Ted Schadler, a principal analyst with Forrester, told TechNewsWorld that Web services also benefit members of Harley-Davidson’s Harley Owners Group. HOG members order tickets and sometimes receive discounts through Ticketmaster for certain Harley events. How does the Ticketmaster database know you’re in the HOG database? When you enter your name and HOG password, Ticketmaster queries the HOG database.
That is a simple example, but one that illustrates how invisible and how important Web services can be. To accomplish the same thing sans Web services, the two companies would have to develop or at least customize compatible middleware, soaking up buckets of time and programming dollars in the process. SOAP makes it possible for Harley and Ticketmaster to communicate that isolated packet of information. “And the whole thing happens inexpensively,” Schadler told TechNewsWorld.
Other Standards Needed
Liebow pointed out that while Web services standards are a major advancement in IT management, individual industries might need to work on their own standards to make SOAP, XML and UDDI pay off.
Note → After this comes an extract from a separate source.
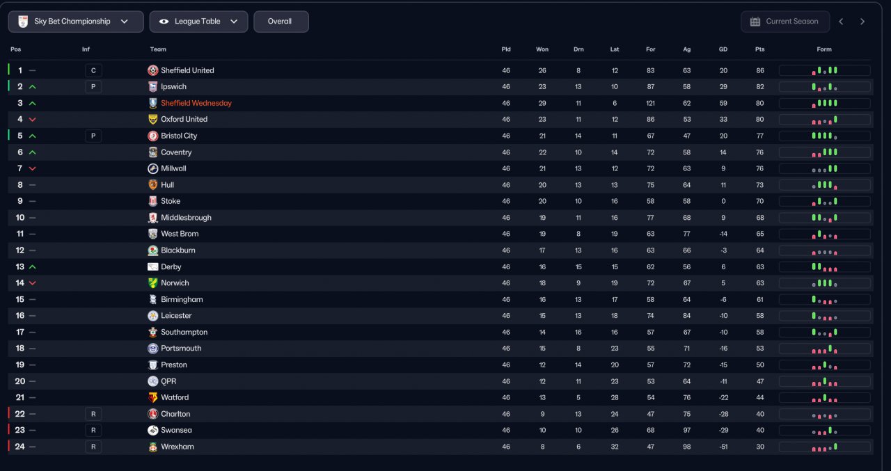 got 3rd with Sheffield Wednesday and would of comfortably won the league if it was not for the points deduction

“The travel industry might have to decide, for example, to create a standard for how you create a ticket or a boarding pass,” he said. Like other technology implementations before them, Web services-enabled projects will spring from the business need to increase efficiency and might require considerable process rethinking.
“It’s up to IT to make sure this happens right,” Liebow added. “It’s up to IT to be ahead of the curve on the technology and to be ready for the business needs.”
What and When
Andrews, Liebow and Schadler agree that Web services work well today and that they will continue to improve. “Companies who are doing it now … are really getting a competitive advantage,” Liebow told TechNewsWorld.
By 2006, Andrews said, Web services will be pervasive. If that is true, how will business have changed as a result?
“It will certainly drive specialization,” Schadler told TechNewsWorld. Because Web services make it easier to isolate even the smallest components of business processes, they also will make it easy to outsource those processes to specialists. “Ultimately, it will drive efficiency and accelerate development cycles,” he said.
Andrews echoed that opinion. “When you can outsource even tiny, granular capabilities, it has a tremendous impact and an enormous ripple effect,” he said. “Fundamentally, [Web services make] everything a little faster, a little more flexible and a little more risky.”
The Risk Within
Andrews recalled “The Sorcerer’s Apprentice” from Disney’s Fantasia. When the mouse-magician enchanted his mop and other tools to do his chores, mayhem ensued.
“Any time you increase your ability for machines to do your work, you increase the machines’ impact,” he said. That’s why it’s important to understand that Web services are almost “too easy.” The system must have enough checks to ensure integrity and to “make sure the services are doing what they are intended to do.”
Because Web services allow different systems to talk to each other, making decisions and transactions based solely on machine communication, humans must be smarter than the machines. In short, we must know when to interfere.
That requirement is not new, of course. “Managing your work is the constant problem of human endeavor,” said Andrews.
If everyone in the world were to learn the international language (Esperanto) in addition to his own native language, maybe everyone’s improved ability to communicate would lead to peace and understanding, as Zamenhof hoped. What is certainly true is that the complicated task of maintaining web pages in multiple languages would be reduced to the simpler and less expensive task of maintaining them in only one language. And everyone would be able to read every page.